An example of an occurrence map and a map with undirected graphs of potential migration paths with aids of the database and Google-Fusion Tables is given here for the otter (Lutra lutra) - shown are the potential migration paths from or to protected sites in Northern Portugal with respect to Ria de Aveiro. The procedure how to create these graphs will be shown in the blog post “3.10 Construction of Fusion tables for visualization of potential migration paths of animals with aid of a Google sheet.”
Potential migration paths for Lutra lutra from protected sites
in Nord-Portugal to Ria de Aveiro
(Link to Fusion Table “Lutra”)
*It
must be stressed out here that the simple graphs shown in this post can
give only a rudimentary idea of the potential migration paths - as
spatial conditions as topography, ambient conditions and species
specific requirements are not taken into consideration in the straight
line graph (- fish unlikely fly on a straight line from one location to
another).

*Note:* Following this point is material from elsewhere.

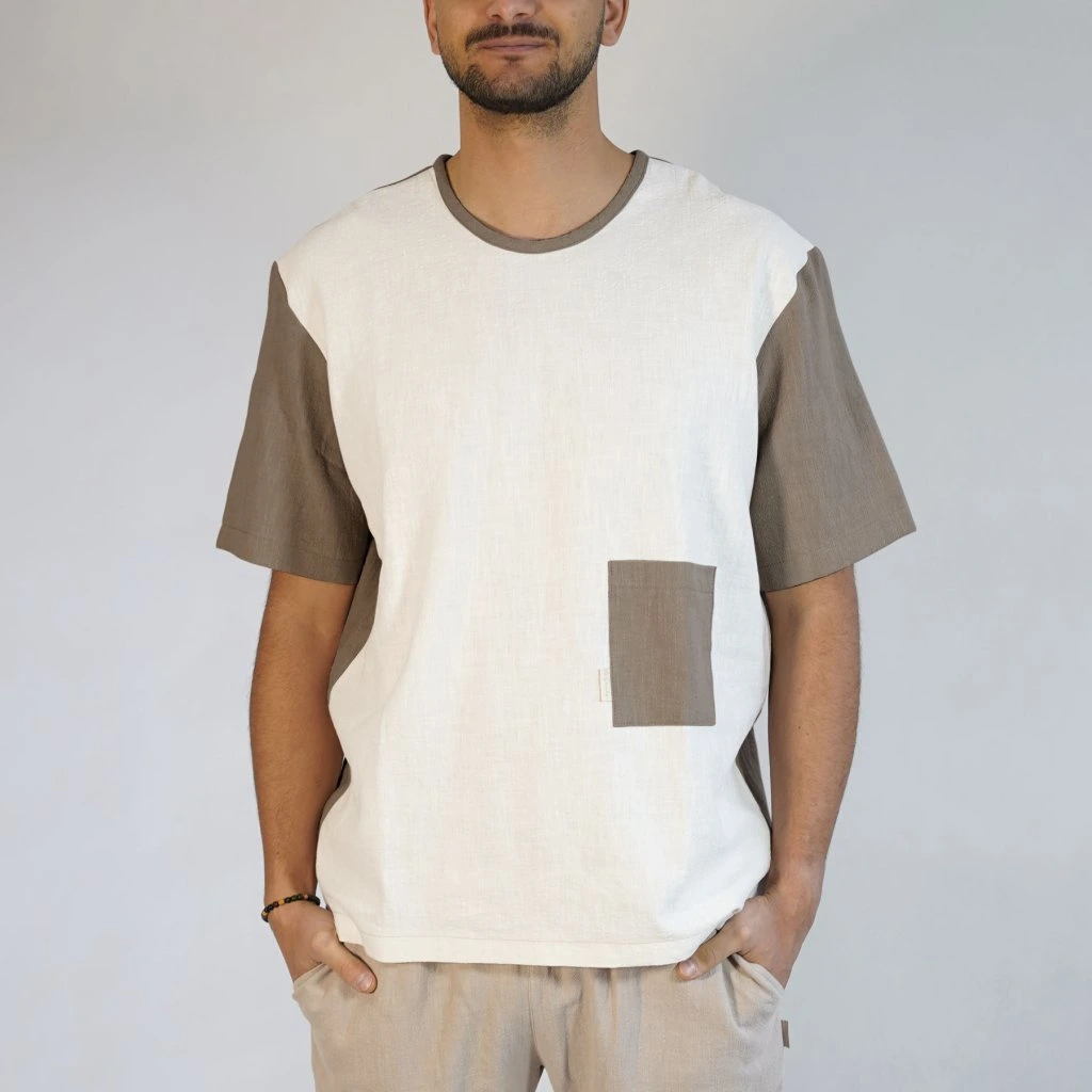 - Netradičné vrecko: Vrecko sme umiestnili zámerne nižšie, ako je zvykom. Je to drobný, no originálny detail, vďaka ktorému tričko nepôsobí nudne a má svoj vlastný šmrnc.

But also, at the moment the necessary data for estimation of
acceptable migration paths (with or without more sophisticated methods
and programs as the program “Maxent”) are not existent or unavailable
(at least not public or free). Furthermore, even much more elaborate
methods as “Maximum entropy” estimation are always bound to use positive information about presence of species. Therefore, absence of species
which might be true absence or only lack of confirmation, cannot be taken adequately into consideration. If information of
presence of species is not available due to a largely unknown
distribution of the species, as is the case for many or most of the
smaller and less “attractive” species (on the Iberian Peninsula and
worldwide), no good estimation of potential migration paths can be made
whatsoever. Other reasons may be lack of attention to endangered species
which are not categorized as in danger because of a lack of data
actualization (as for example due to climate changes).
Therefore the principal purpose of the database is besides collection of papers to show whether a species exists in protected locations and whether migration and/or reintroduction from nearby and hopefully genetically similar and well adapted populations is possible when the species becomes locally endangered or extinct. The second objective is to show (and fill in future) still existing big gaps of information, especially for the less known categories and species rich systematic groups as Invertebrates, lichens and bryophytes. The graph method with aid of Fusion tables is at the moment a by-product which can be however very useful for visualization of relations between locations or species.